“It’s time we talk.”


When we had a lull in our quiet evening, my husband told me, “It’s time we talk.” Well actually, he approached me saying, “Tengo que hablar contigo sobre algo grande. Fijate bien lo que te voy a decir.” We are a family that only speaks Spanish at home.

In light of reported fears of an upcoming mass deportation of immigrants, or as also referred to in US History as ‘repatriation’, my husband wanted to update our disaster plan to include what we should do if he is sent back to his birth country. The fear of being separated is real for so many immigrant families. So many of my own students are nervous, while others are silently panicking.

Yes, the fear is real. A 2015 NPR article makes the connection between then Presidential candidate Trump’s proprosal for deportation and the 1929 Repatriation Act.

Yes, the fear is real. Although Born in East LA is a comedy, the 1984 movie prososed the reality of a citizen who is rounded up in a deportation raid and sent to Tijuana.

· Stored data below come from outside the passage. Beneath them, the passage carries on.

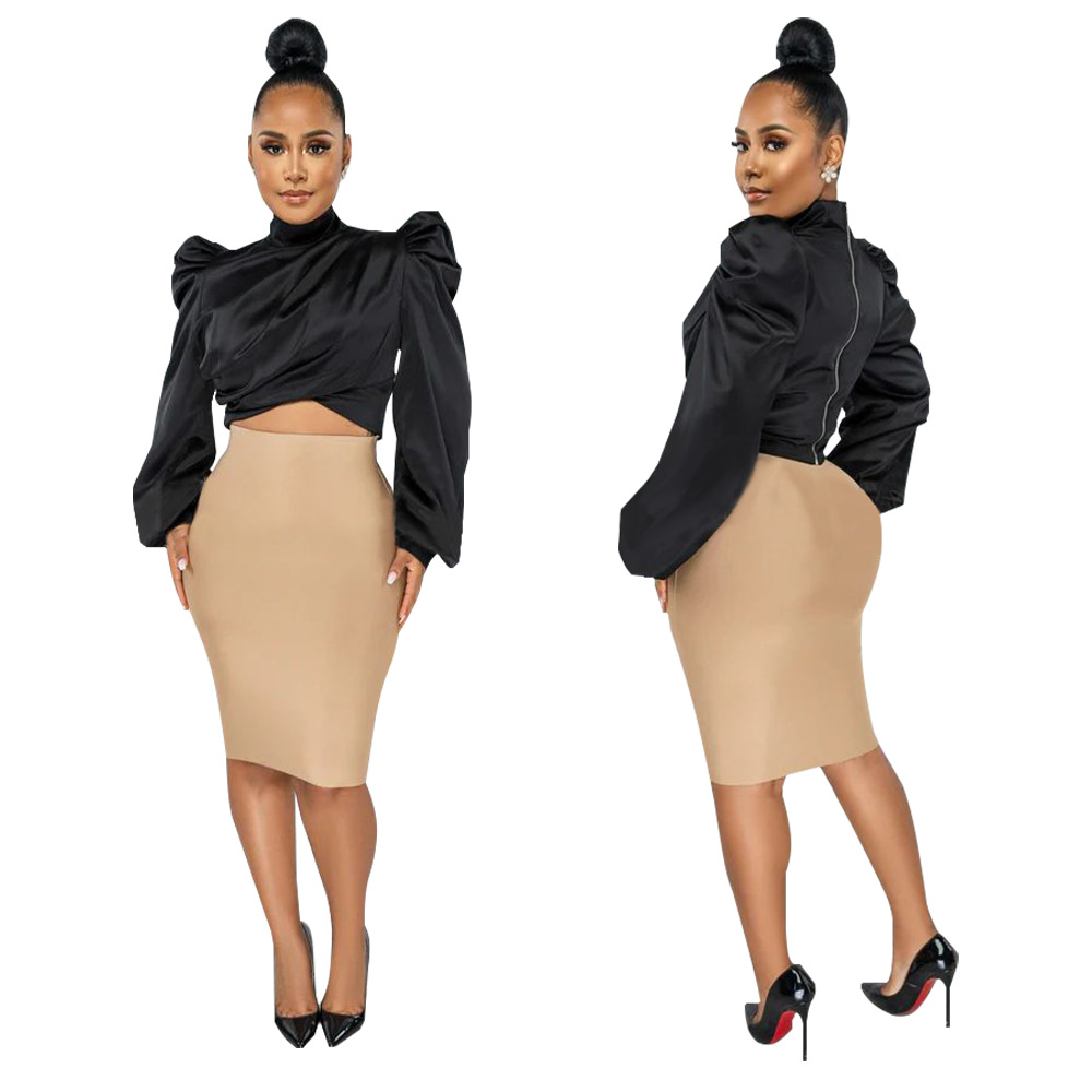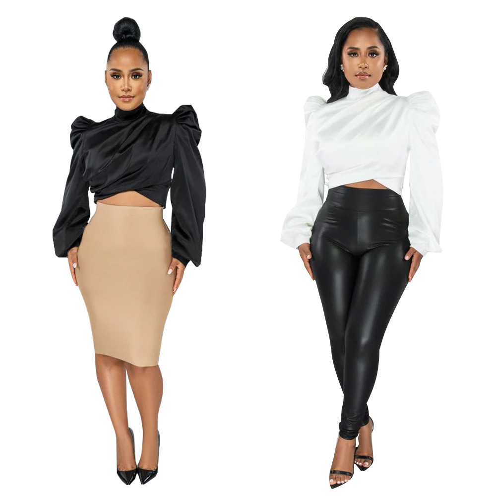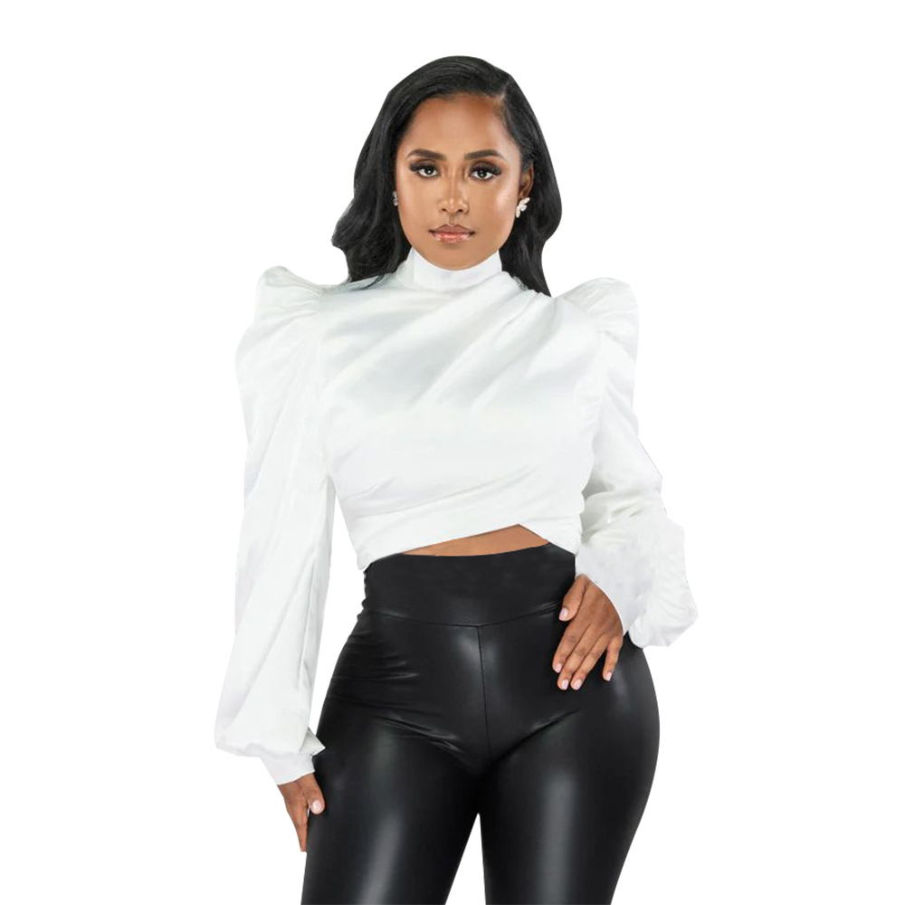 Women's Wear Puff Sleeve High Neck Short Artificial Silk Top
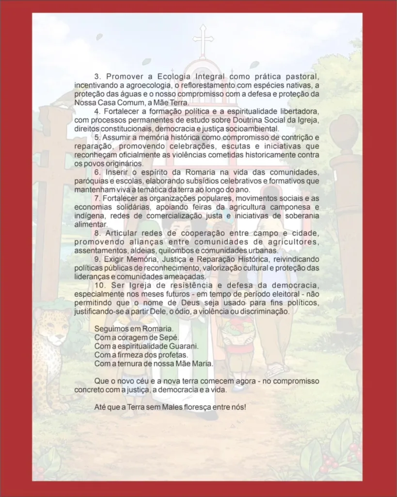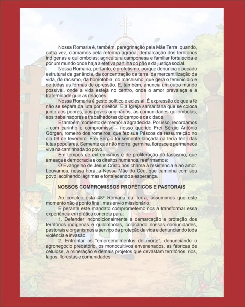 A 48ª Romaria teve como tema os 400 anos da evangelização missioneira e seu caráter espiritual e político. A carta final denunciou injustiças históricas contra povos indígenas, quilombolas e comunidades camponesas, criticou o agronegócio predatório, monocultivos envenenados, mineração e projetos considerados devastadores dos territórios. O documento defendeu reforma agrária, agroecologia, reflorestamento com espécies nativas, proteção das águas e fortalecimento da democracia.
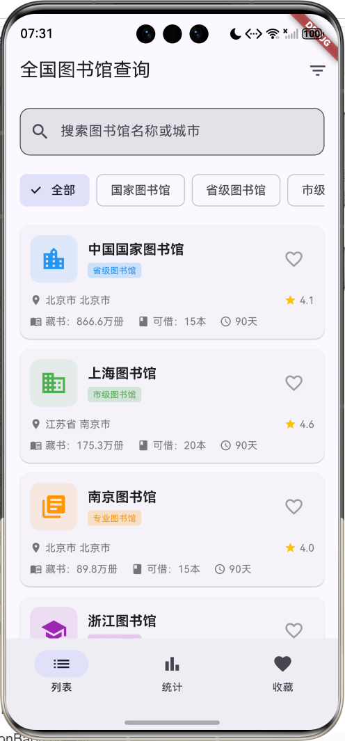 全国图书馆查询是一款专为阅读爱好者和学习者打造的Flutter应用,提供全国范围内图书馆信息查询、藏书量统计和借阅规则展示功能。通过智能搜索和多维度筛选,让用户轻松找到附近的图书馆,了解借阅政策,规划学习之旅。
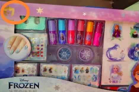 相较于线上,实体门店儿童化妆品销售则规范一些。如,孩子王长沙泊富广场店销售的一款“创意美甲转印贴纸组合”指甲油,产品包装上有明显“小金盾”标识;科建文化用品店所售包含口红、眼影、指甲油等在内的“歌莉儿水晶彩妆箱”,产品包装左上角也有明显“小金盾”标识。
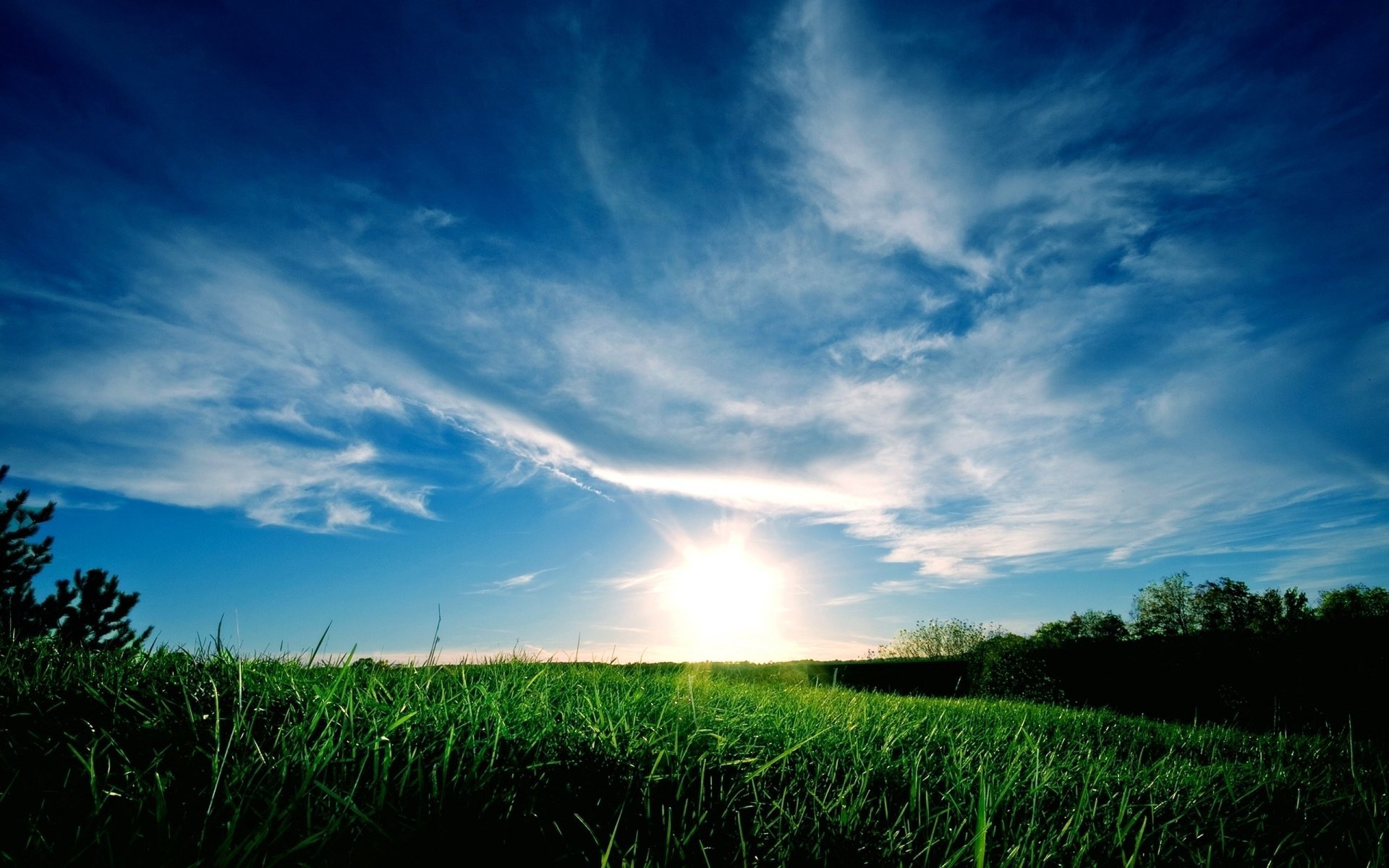 Green field and blue sky in summer
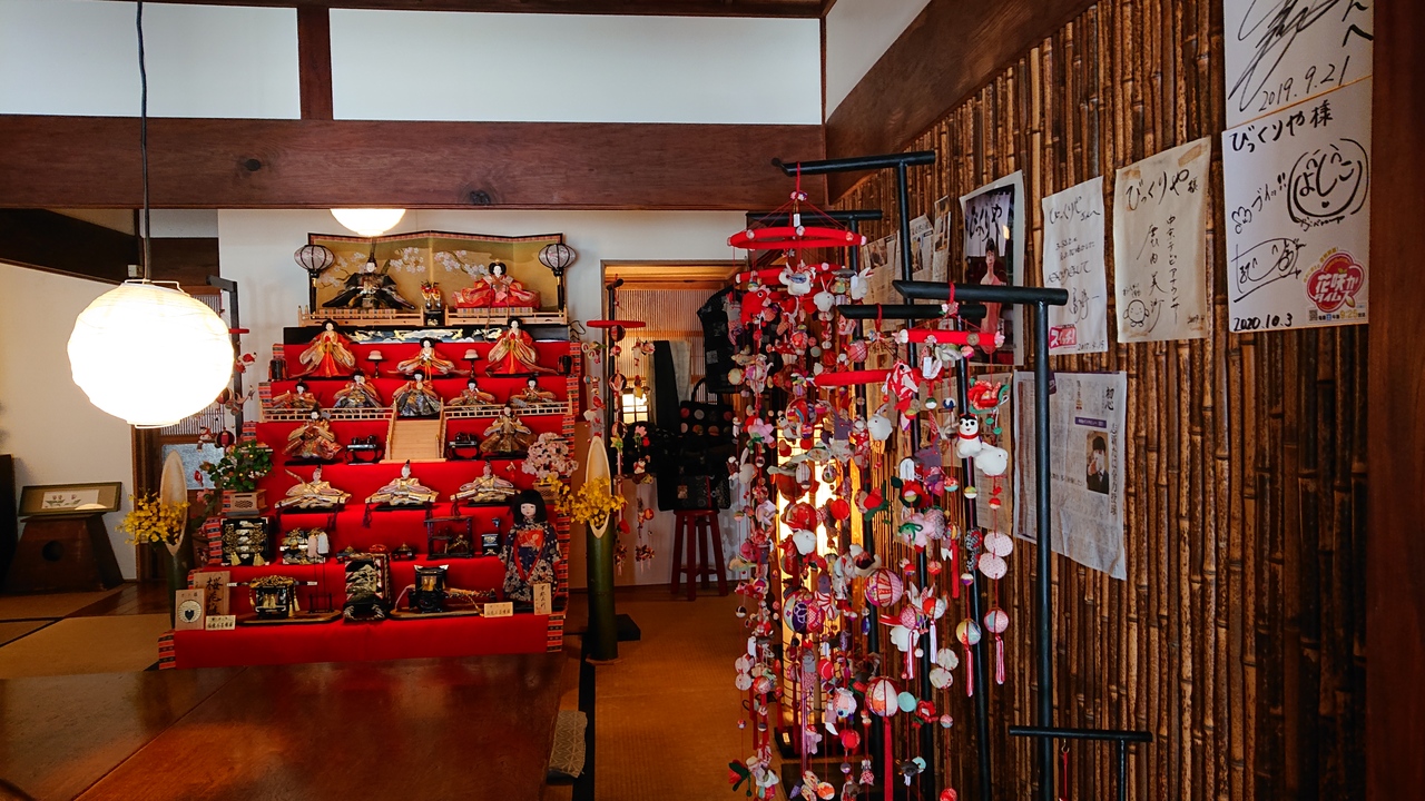 足助観光協会が入居している施設です。係員さんが常駐しています。そして、香嵐渓の観光に関するパンフレットや、豊田市内の催しや観光に関するパンフレットが入手できます。なお、訪問時はひな人形の展示もされていました。

Yes, the fear is real. There are people who go to Home Depot not with the intent to hire a day laborer, but rather scare the laborers by taking them to immigration.

Yes, the fear is real. Luis, a former student of mine, came to school that one cold morning, crying. His mother never came home from work the night before. Upon investigating, his mother was the passenger in the carpool, when the driver was pulled over. As a result, everyone was deported that same night. Thankfully, his grandparents lived about 30 minutes away, so he went to live with them.

Yes, the fear is real. My husband and I talked openly and have our action plan set. Yet, how many other families take the time to figure out what each person should do in the event of a disaster or life-changing event?